Biquadratic SOS Rank and Augmented Zarankiewicz Number

TL;DR

This paper introduces augmented Zarankiewicz numbers, linking them to SOS rank, and determines exact values for specific cases, providing new bounds and insights into biquadratic forms.

Contribution

It defines new combinatorial parameters extending Zarankiewicz numbers and establishes their relation to SOS rank, with exact calculations and bounds for key cases.

Findings

Exact values of $z_L(m,n)$ for (m,2), (3,3), (4,3), (4,4)

New lower bounds for $z_L(m,n)$ in cases (5,3), (5,4), (5,5)

Improved lower bounds for maximum SOS rank of biquadratic forms

Abstract

This paper introduces the concepts of the augmented Zarankiewicz number $z_A(m,n)$ and the limited augmented Zarankiewicz number $z_L(m,n)$, which are natural combinatorial extensions of the classical Zarankiewicz number.

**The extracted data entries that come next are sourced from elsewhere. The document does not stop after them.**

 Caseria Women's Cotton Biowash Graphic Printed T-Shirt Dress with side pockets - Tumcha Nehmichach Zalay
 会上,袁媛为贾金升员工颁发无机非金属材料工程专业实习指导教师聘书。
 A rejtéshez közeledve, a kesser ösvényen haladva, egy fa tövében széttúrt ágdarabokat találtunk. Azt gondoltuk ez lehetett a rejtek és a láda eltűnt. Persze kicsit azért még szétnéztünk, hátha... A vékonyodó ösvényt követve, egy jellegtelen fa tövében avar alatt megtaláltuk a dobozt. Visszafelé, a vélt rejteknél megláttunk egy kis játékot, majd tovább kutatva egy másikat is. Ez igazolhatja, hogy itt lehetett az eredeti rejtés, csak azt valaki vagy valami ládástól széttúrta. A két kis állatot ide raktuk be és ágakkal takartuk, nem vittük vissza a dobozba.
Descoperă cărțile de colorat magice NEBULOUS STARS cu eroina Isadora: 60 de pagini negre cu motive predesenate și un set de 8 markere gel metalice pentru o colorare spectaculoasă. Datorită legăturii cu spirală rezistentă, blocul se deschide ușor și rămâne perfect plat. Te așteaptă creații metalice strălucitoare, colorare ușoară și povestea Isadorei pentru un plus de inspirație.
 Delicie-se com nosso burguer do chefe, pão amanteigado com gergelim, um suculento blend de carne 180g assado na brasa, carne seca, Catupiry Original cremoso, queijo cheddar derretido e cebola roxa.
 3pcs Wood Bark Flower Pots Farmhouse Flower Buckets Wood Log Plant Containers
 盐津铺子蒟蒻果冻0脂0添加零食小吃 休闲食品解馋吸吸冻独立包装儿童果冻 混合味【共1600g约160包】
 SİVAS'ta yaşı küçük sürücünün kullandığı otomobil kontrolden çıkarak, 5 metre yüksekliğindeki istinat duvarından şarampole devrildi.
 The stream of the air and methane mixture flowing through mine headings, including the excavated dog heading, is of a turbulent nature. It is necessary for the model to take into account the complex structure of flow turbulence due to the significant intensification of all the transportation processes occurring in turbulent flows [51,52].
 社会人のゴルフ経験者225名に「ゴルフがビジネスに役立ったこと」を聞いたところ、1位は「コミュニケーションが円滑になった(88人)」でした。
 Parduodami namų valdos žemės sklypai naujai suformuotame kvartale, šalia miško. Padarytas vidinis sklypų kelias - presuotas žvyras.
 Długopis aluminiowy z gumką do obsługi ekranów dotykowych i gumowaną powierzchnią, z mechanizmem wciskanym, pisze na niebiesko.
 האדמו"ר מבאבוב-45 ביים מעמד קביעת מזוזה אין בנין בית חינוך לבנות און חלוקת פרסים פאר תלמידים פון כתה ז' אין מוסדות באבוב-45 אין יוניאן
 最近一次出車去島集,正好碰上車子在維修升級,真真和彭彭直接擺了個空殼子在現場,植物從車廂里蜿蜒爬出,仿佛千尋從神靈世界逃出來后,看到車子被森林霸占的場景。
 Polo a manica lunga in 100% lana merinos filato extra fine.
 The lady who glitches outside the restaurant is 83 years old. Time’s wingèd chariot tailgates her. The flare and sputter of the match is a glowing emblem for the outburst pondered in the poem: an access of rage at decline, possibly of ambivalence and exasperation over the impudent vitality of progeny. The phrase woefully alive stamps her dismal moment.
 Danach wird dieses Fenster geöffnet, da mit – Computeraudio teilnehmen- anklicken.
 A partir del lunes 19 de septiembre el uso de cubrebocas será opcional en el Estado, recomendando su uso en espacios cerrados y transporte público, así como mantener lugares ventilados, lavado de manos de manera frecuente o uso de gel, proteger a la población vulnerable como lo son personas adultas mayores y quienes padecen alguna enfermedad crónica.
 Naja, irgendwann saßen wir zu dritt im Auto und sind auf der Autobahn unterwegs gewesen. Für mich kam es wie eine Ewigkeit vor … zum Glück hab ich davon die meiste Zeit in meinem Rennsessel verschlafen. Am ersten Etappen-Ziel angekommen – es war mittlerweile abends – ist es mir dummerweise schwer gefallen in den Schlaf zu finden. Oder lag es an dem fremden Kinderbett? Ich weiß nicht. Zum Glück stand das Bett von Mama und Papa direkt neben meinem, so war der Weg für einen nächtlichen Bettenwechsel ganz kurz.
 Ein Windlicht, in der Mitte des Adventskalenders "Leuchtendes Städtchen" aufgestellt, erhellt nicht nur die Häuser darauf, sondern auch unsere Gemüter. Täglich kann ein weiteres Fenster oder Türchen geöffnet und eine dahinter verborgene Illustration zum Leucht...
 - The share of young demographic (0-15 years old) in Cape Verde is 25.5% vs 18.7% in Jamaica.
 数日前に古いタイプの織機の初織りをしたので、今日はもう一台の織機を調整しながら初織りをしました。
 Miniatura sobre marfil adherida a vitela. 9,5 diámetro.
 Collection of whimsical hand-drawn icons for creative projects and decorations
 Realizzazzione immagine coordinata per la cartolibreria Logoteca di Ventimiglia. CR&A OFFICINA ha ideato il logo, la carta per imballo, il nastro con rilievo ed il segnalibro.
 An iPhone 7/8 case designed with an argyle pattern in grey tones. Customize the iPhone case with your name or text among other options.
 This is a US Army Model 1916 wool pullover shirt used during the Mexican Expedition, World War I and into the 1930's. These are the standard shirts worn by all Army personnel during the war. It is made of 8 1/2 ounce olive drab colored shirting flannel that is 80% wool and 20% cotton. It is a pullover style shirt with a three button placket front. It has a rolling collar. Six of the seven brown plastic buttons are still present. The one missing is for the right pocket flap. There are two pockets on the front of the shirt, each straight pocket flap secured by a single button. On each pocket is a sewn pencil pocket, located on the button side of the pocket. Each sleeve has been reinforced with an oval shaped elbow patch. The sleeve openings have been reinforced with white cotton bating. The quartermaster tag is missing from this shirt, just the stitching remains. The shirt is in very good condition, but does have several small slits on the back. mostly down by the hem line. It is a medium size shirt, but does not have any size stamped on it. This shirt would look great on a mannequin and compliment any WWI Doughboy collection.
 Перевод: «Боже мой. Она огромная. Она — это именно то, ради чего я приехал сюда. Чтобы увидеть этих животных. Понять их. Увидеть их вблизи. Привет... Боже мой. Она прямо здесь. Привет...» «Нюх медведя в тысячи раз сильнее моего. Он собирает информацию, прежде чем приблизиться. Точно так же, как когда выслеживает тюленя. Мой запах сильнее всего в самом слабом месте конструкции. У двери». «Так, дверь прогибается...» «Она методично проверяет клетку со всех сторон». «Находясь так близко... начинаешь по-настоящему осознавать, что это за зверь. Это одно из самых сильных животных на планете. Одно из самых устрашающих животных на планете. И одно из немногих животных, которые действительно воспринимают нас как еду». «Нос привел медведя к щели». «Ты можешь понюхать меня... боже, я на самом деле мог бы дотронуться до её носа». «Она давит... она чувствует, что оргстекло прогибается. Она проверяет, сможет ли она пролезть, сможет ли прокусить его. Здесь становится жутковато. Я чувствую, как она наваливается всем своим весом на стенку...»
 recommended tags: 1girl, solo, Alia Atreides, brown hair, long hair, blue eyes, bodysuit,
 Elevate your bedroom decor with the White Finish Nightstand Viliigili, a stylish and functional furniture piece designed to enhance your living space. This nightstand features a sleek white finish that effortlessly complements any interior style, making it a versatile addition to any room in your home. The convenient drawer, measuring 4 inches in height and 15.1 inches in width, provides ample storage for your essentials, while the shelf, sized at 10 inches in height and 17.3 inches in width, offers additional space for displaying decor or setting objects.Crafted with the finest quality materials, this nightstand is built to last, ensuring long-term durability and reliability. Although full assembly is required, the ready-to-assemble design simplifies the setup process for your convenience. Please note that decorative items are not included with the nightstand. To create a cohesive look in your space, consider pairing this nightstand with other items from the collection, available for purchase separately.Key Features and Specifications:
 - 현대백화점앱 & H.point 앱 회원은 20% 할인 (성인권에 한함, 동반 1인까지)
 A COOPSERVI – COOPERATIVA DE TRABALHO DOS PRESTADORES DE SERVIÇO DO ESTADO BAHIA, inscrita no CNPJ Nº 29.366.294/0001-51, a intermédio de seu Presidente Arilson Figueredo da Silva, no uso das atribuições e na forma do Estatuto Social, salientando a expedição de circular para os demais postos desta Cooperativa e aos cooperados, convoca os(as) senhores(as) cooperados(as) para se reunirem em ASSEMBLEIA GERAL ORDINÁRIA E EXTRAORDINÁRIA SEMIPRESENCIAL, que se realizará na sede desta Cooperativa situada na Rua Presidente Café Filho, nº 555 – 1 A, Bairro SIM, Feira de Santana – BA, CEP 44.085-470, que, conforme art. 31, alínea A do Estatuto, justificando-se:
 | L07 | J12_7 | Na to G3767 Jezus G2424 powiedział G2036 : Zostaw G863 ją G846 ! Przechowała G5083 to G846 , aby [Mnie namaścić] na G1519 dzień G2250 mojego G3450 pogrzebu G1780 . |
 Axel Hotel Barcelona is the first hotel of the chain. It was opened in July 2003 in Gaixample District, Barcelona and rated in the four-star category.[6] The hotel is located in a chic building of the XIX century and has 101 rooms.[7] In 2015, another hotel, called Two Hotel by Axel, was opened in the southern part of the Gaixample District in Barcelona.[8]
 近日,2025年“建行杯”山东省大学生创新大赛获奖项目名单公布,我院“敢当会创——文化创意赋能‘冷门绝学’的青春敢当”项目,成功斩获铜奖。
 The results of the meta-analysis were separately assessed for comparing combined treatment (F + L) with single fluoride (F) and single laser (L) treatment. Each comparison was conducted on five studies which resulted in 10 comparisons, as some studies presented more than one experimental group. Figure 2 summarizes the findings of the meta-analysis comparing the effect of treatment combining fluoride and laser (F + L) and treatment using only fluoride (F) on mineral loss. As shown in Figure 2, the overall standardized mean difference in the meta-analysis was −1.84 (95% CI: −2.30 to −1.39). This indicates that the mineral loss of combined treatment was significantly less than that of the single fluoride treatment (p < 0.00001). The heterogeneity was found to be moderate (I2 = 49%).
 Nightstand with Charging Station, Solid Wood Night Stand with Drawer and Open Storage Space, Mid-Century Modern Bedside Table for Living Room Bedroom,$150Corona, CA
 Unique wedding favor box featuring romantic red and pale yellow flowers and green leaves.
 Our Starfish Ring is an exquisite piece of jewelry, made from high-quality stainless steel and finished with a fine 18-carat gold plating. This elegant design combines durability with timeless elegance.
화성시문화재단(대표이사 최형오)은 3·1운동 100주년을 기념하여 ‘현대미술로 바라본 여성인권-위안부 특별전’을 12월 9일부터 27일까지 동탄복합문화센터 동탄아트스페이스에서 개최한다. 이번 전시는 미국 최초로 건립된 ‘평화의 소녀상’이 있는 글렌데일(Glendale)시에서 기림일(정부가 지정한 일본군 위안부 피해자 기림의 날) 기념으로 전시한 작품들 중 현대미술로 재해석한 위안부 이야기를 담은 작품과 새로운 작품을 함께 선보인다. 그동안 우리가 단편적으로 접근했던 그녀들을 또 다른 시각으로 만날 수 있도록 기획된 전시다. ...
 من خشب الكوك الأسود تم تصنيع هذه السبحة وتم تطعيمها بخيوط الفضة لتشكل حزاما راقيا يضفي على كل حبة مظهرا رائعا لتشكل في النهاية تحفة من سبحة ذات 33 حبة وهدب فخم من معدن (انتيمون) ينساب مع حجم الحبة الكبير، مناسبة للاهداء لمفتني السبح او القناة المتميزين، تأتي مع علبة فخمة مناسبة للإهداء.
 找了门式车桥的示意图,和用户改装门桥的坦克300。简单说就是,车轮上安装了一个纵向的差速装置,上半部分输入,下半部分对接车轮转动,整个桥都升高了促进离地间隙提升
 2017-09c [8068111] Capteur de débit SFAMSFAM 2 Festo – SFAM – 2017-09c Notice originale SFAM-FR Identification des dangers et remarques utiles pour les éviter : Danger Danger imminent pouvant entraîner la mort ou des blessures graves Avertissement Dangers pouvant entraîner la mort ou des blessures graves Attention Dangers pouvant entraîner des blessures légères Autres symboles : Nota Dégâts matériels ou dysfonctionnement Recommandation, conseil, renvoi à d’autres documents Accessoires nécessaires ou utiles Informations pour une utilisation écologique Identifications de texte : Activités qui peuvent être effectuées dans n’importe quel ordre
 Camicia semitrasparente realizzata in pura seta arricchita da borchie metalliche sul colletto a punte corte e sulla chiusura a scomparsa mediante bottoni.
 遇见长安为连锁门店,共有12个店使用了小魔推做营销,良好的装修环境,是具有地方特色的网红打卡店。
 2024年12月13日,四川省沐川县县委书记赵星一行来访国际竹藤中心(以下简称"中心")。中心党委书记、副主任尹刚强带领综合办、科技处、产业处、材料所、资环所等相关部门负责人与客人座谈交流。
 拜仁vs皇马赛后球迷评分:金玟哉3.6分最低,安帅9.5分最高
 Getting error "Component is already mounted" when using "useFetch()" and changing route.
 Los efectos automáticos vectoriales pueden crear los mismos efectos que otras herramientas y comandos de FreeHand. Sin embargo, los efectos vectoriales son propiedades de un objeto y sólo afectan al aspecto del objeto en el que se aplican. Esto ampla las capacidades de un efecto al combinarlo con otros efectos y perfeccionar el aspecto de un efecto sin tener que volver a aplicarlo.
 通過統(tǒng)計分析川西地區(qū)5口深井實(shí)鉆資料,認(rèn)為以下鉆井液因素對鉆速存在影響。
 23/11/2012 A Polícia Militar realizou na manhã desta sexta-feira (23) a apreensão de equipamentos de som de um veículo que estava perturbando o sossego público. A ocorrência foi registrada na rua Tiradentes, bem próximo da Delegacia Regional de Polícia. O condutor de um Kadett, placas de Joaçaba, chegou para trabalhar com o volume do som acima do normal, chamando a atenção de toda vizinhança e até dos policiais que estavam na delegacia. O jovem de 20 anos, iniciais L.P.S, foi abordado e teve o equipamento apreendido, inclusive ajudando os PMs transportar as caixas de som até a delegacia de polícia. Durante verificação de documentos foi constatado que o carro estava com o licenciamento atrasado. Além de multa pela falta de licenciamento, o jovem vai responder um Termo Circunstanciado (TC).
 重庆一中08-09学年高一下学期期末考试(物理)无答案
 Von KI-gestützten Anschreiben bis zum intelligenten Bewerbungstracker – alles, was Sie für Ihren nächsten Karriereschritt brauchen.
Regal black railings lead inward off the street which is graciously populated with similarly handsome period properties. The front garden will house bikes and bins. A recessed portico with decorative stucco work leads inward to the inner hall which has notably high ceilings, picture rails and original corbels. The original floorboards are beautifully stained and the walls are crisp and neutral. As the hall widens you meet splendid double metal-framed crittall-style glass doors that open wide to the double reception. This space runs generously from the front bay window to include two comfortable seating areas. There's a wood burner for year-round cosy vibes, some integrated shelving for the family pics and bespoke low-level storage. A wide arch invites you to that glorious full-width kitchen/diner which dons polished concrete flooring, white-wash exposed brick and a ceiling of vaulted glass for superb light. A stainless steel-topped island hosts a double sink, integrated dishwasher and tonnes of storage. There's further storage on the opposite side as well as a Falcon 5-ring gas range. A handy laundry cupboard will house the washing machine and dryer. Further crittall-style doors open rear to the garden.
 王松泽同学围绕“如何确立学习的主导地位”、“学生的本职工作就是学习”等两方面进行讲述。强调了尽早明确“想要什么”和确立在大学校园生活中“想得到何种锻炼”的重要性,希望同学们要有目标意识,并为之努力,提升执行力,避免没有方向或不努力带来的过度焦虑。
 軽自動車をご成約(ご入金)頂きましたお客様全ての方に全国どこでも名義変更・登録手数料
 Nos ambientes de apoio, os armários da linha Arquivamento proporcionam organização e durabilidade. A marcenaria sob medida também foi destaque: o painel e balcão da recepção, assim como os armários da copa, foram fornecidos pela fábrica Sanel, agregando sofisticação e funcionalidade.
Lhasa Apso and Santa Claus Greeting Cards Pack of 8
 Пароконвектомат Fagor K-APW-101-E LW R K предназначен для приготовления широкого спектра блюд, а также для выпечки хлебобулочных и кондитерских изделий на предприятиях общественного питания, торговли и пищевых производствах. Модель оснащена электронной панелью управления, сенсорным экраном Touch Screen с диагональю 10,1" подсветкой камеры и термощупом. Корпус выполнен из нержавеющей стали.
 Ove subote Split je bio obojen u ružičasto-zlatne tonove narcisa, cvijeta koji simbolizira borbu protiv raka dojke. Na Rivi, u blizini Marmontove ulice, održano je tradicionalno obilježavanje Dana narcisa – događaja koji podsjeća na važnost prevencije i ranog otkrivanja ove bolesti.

These numbers arise from augmented bipartite graphs that may contain both standard edges (1-edges) and pairs of edges representing squares of binomials (2-edges). The main theoretical result establishes the inequality chain $\operatorname{BSR}(m, n) \geq z_A(m, n) \geq z_L(m, n) \geq z(m, n)$, linking the maximum biquadratic sum-of-squares (SOS) rank to these extremal graph parameters. We determine the exact values of $z_L(m, n)$ for the cases $(m,2)$, $(3,3)$, $(4, 3)$ and $(4,4)$, and provide new lower bounds for the cases $(5,3)$, $(5,4)$, and $(5,5)$. These results yield improved lower bounds for the maximum SOS rank of biquadratic forms, demonstrating that $z_L(m,n)$ can exceed the classical Zarankiewicz number, thereby offering a refined combinatorial perspective on the SOS rank problem.